The Portland Group (defining the Portlandian) is a Late Jurassic (Tithonian) lithostratigraphic group (a sequence of rock strata) in South East England. The name is derived from the Isle of Portland in Dorset where the strata are exposed and have been extensively worked. Rocks of this age have in the past been called the Portlandian stage by geologists, which corresponds with the late Tithonian stage of the internationally used geological timescale.

== Outcrops ==
The Portland Group crops out in Dorset on the Isle of Portland, on and near the south coast of the Isle of Purbeck and to the north of Weymouth.

== Lithology and stratigraphy ==
The rocks include limestones, dolomitic sandstone, siltstone, and mudstone.
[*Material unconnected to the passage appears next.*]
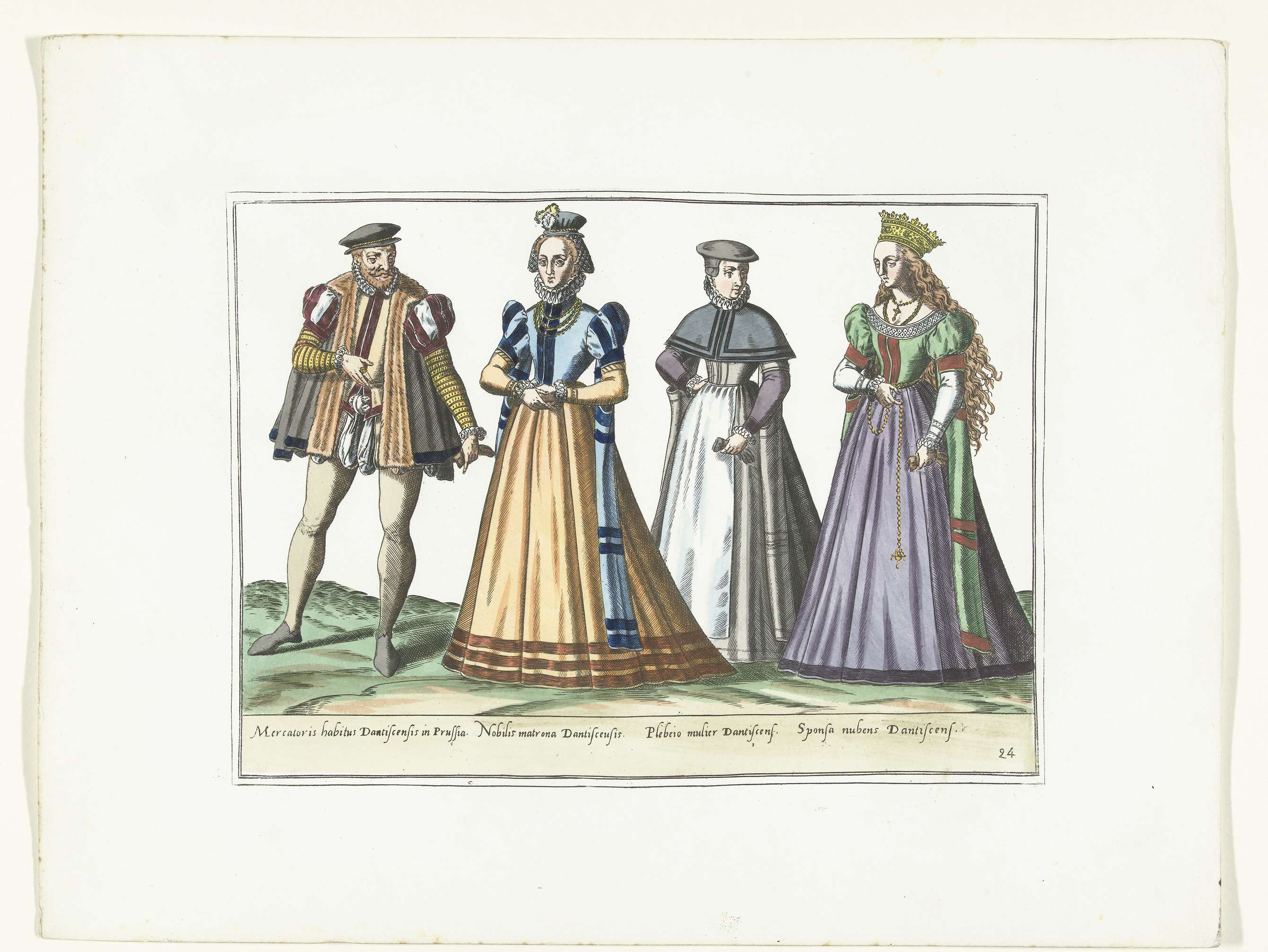 Drie vrouwen en een man gekleed volgens de Duitse mo...
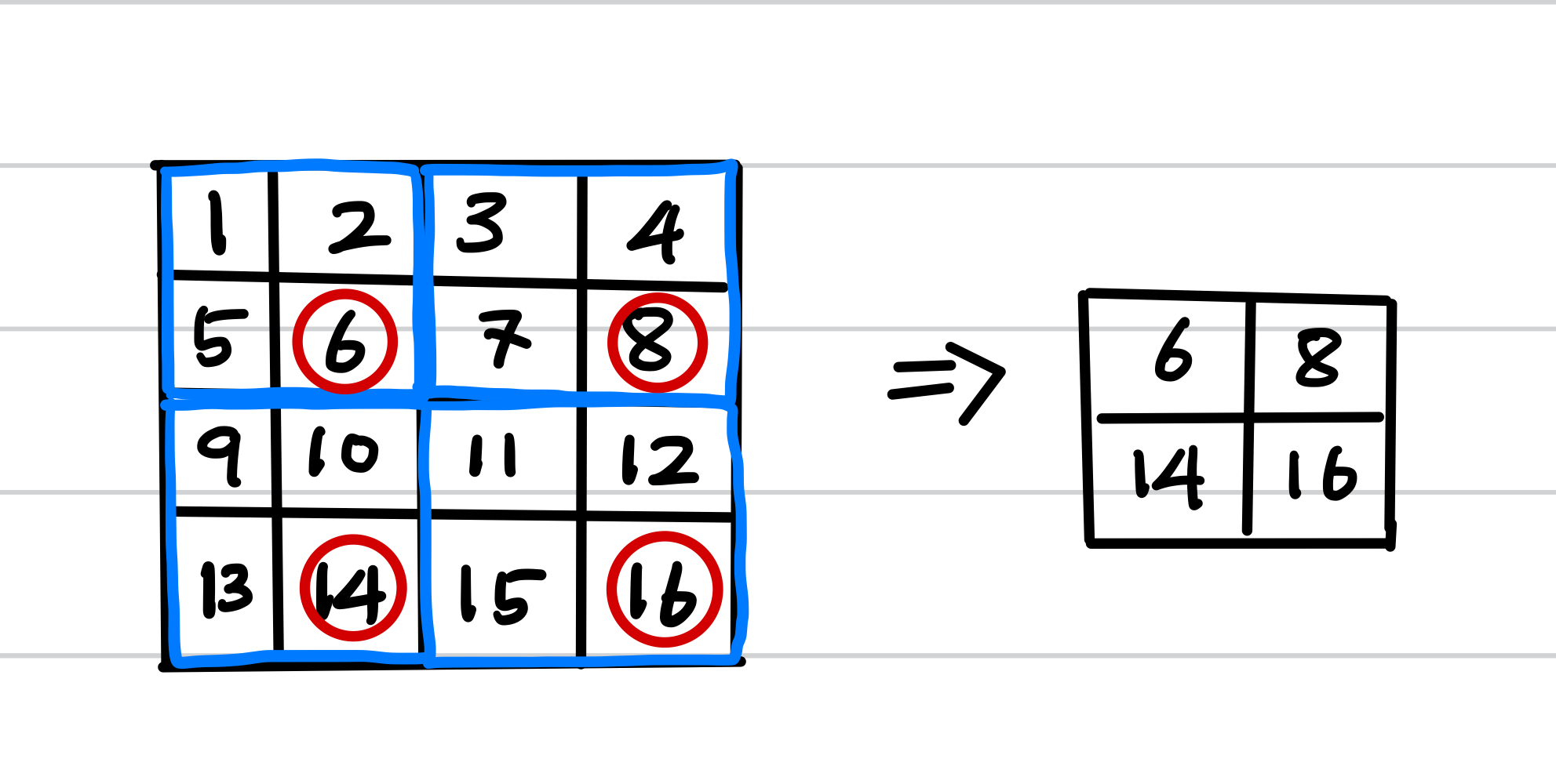 앞에서 풀링은 최댓값을 고르거나 평균값을 계산하는 방법이 있었습니다. 여기서 최댓값을 고르는 방식을 맥스풀링방식이라 합니다.

It is divided into two formations, the Portland Stone Formation (or 'Portland Limestone Formation') and the underlying Portland Sandstone Formation (or 'Portland Sand Formation'). The Portland Stone Formation is further divided into a lower Portland Chert Member and an upper Portland Freestone Member, both of which are limestones. The Portland Sand Formation is made up largely of dolomites but includes siltstones and fine-grained sandstones in its lower parts.

== Use in construction ==
The Portland Freestone is a 5 to 15 m thick member of the Portland Stone Formation and is quarried on the Isle of Portland.